## How to complete this task
Please, from the entries below, transcribe exactly the lines that begin at the line with "Bupati Humbahas mengucapkan" and end at the line with "the vibrant tie-dye", without the pictures.

## Provided records
☆ ☆ ☆ ☆

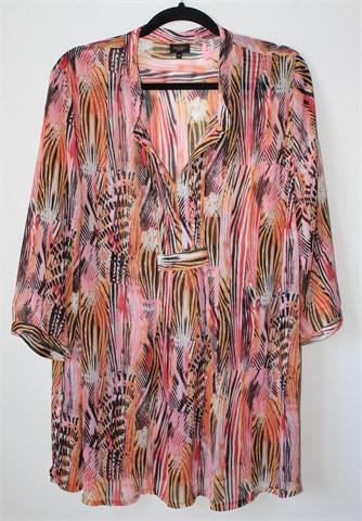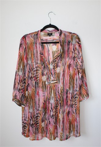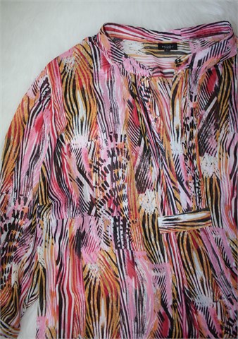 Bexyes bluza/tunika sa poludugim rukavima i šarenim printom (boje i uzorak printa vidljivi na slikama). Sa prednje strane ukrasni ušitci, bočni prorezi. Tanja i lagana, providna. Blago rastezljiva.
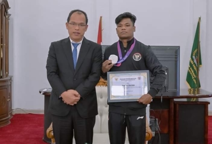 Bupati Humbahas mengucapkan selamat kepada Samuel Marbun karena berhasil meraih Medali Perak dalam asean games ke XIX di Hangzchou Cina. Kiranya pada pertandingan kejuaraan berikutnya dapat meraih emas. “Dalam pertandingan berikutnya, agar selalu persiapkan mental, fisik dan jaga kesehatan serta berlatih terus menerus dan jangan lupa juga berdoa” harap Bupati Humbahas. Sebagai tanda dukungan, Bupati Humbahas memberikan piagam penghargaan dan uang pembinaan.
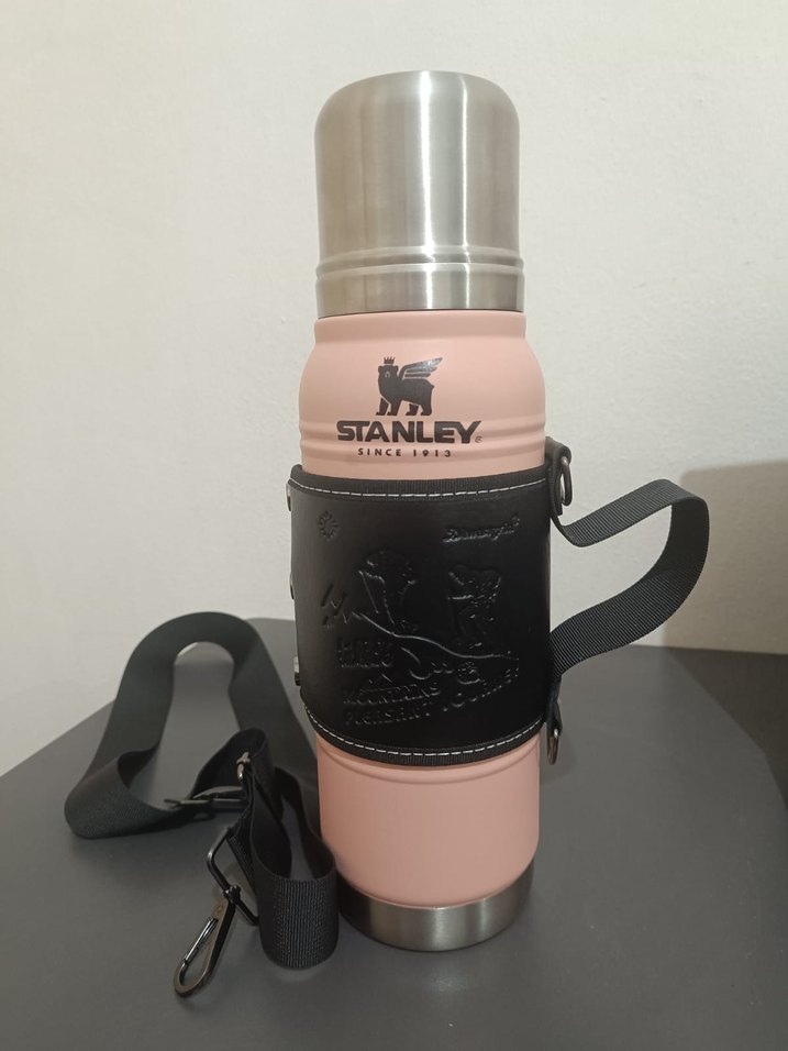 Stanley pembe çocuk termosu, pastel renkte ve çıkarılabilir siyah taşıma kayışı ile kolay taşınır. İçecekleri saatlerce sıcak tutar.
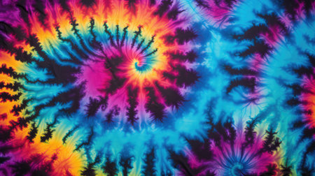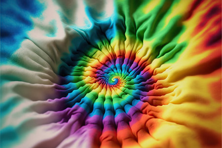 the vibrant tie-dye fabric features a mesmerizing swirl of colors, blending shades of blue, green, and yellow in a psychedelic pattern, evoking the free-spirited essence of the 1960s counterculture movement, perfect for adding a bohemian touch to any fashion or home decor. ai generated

☆ ☆ ☆ ☆

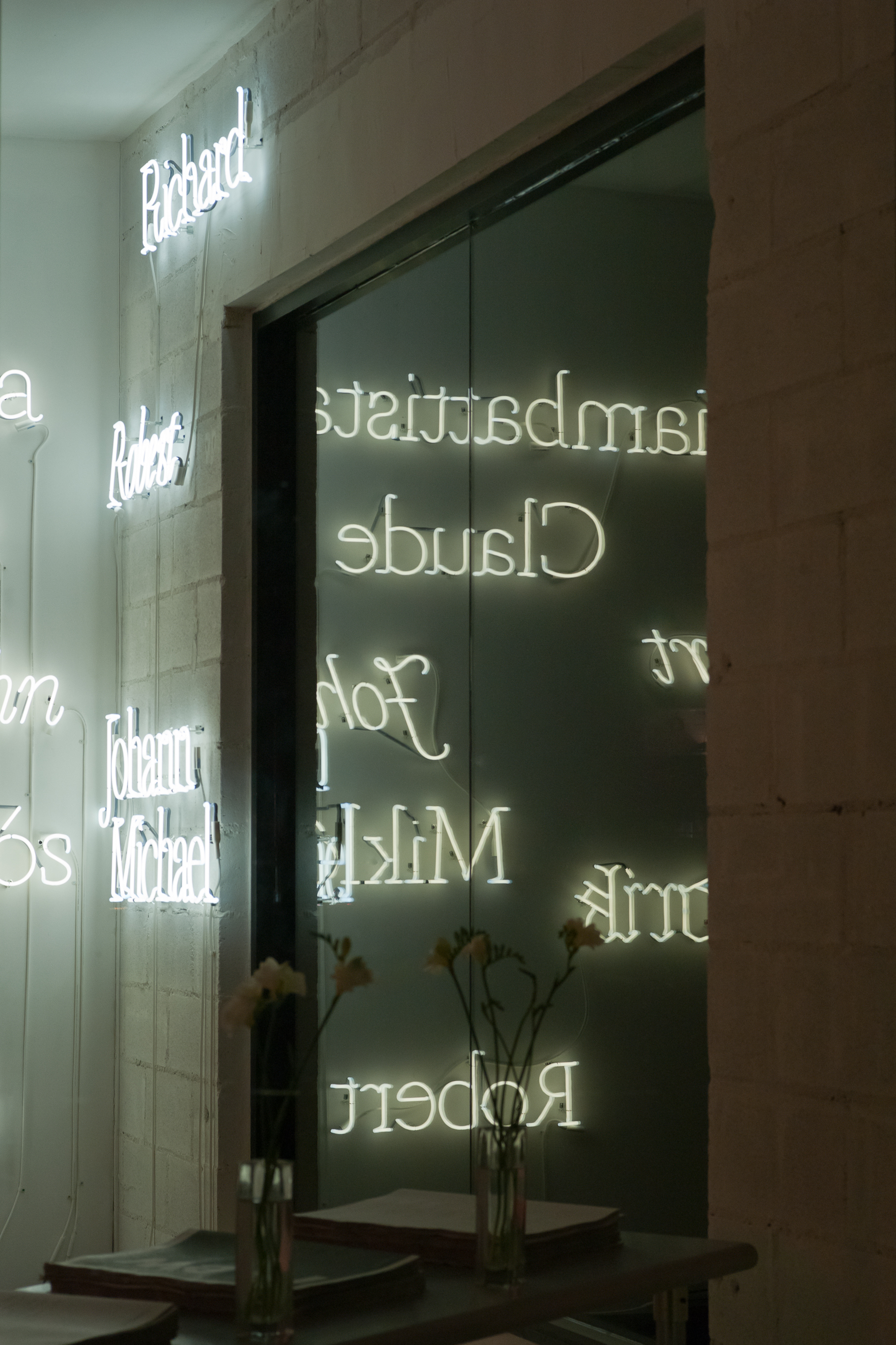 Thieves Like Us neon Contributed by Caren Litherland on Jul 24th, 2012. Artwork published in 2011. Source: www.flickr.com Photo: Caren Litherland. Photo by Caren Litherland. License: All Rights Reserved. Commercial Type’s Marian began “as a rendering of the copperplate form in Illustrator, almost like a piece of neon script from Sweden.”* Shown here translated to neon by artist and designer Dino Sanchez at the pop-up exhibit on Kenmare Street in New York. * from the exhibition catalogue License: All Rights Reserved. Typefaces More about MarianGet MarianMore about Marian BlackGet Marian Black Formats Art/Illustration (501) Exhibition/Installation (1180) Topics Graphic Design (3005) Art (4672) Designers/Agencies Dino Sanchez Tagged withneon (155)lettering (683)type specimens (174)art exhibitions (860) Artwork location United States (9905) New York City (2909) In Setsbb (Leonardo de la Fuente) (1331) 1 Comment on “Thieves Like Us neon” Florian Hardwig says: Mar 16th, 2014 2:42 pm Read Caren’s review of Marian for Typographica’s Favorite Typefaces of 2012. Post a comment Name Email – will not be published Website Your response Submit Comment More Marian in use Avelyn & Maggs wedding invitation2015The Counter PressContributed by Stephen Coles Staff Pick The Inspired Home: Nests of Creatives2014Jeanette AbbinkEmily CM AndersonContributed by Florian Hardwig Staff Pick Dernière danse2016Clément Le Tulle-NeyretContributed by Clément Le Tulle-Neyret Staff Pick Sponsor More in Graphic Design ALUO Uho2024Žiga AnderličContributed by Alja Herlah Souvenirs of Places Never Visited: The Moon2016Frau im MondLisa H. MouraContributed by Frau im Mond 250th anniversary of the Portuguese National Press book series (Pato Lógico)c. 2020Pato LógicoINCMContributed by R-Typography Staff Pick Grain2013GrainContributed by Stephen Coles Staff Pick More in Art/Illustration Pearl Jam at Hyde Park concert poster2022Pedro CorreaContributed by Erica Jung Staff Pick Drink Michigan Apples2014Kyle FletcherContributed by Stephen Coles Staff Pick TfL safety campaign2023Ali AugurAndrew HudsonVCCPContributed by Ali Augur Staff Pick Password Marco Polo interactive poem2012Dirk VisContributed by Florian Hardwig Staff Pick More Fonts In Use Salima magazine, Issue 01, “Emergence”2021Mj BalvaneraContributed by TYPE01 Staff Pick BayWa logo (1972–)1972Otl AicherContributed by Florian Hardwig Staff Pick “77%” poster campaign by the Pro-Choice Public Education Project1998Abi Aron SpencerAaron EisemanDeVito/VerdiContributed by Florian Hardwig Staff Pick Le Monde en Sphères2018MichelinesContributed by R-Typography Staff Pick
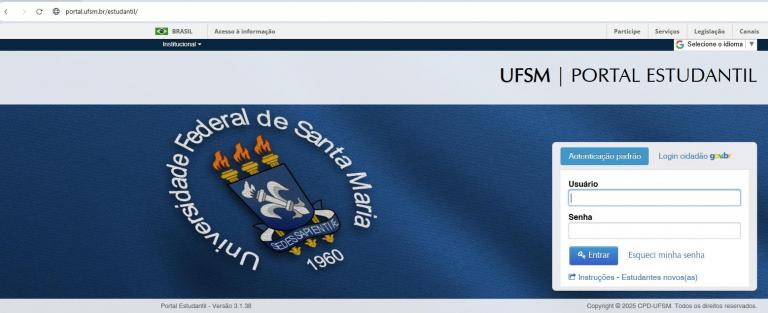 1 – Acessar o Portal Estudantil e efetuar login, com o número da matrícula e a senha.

☆ ☆ ☆ ☆

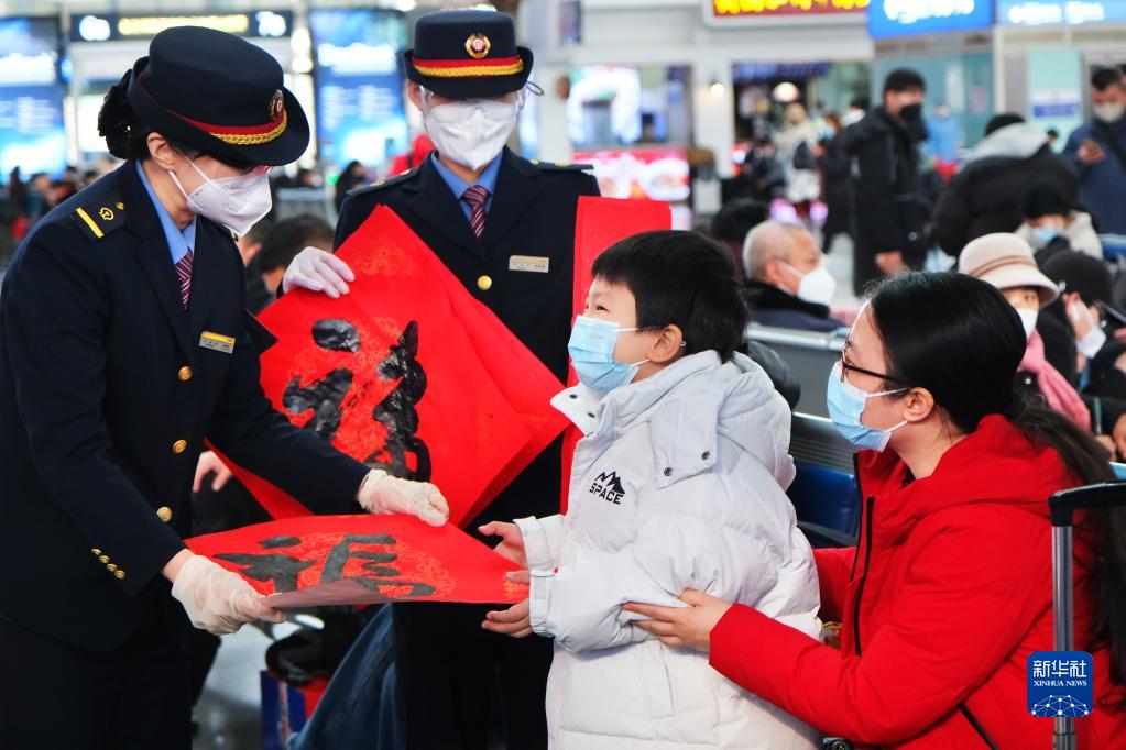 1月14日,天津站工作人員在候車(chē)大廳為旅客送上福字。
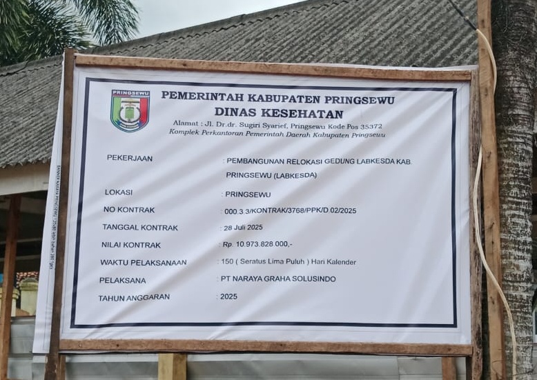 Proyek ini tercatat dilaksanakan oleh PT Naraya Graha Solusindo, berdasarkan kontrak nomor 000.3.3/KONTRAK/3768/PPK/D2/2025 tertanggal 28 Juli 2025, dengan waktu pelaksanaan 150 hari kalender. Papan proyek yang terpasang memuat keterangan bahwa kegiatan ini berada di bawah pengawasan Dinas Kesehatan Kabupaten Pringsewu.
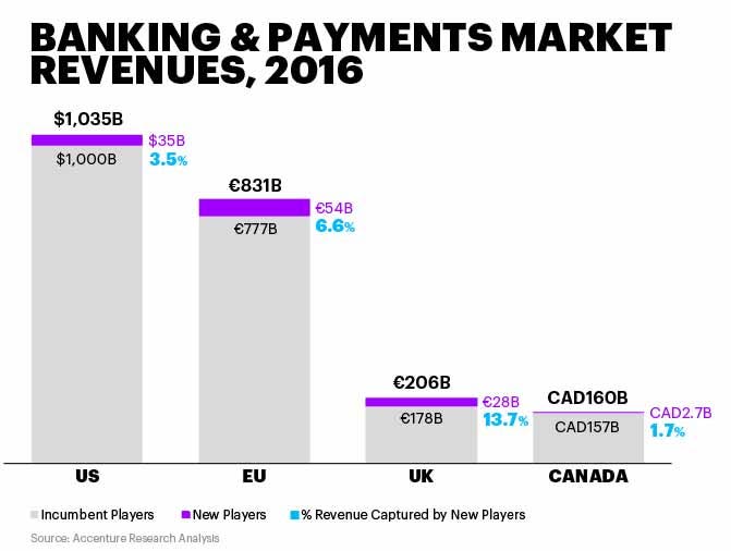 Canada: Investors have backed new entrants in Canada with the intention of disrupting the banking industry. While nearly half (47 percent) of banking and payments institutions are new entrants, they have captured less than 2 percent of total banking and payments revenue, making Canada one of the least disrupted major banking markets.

☆ ☆ ☆ ☆

## Result
 Bupati Humbahas mengucapkan selamat kepada Samuel Marbun karena berhasil meraih Medali Perak dalam asean games ke XIX di Hangzchou Cina. Kiranya pada pertandingan kejuaraan berikutnya dapat meraih emas. “Dalam pertandingan berikutnya, agar selalu persiapkan mental, fisik dan jaga kesehatan serta berlatih terus menerus dan jangan lupa juga berdoa” harap Bupati Humbahas. Sebagai tanda dukungan, Bupati Humbahas memberikan piagam penghargaan dan uang pembinaan.
 Stanley pembe çocuk termosu, pastel renkte ve çıkarılabilir siyah taşıma kayışı ile kolay taşınır. İçecekleri saatlerce sıcak tutar.
 the vibrant tie-dye fabric features a mesmerizing swirl of colors, blending shades of blue, green, and yellow in a psychedelic pattern, evoking the free-spirited essence of the 1960s counterculture movement, perfect for adding a bohemian touch to any fashion or home decor. ai generated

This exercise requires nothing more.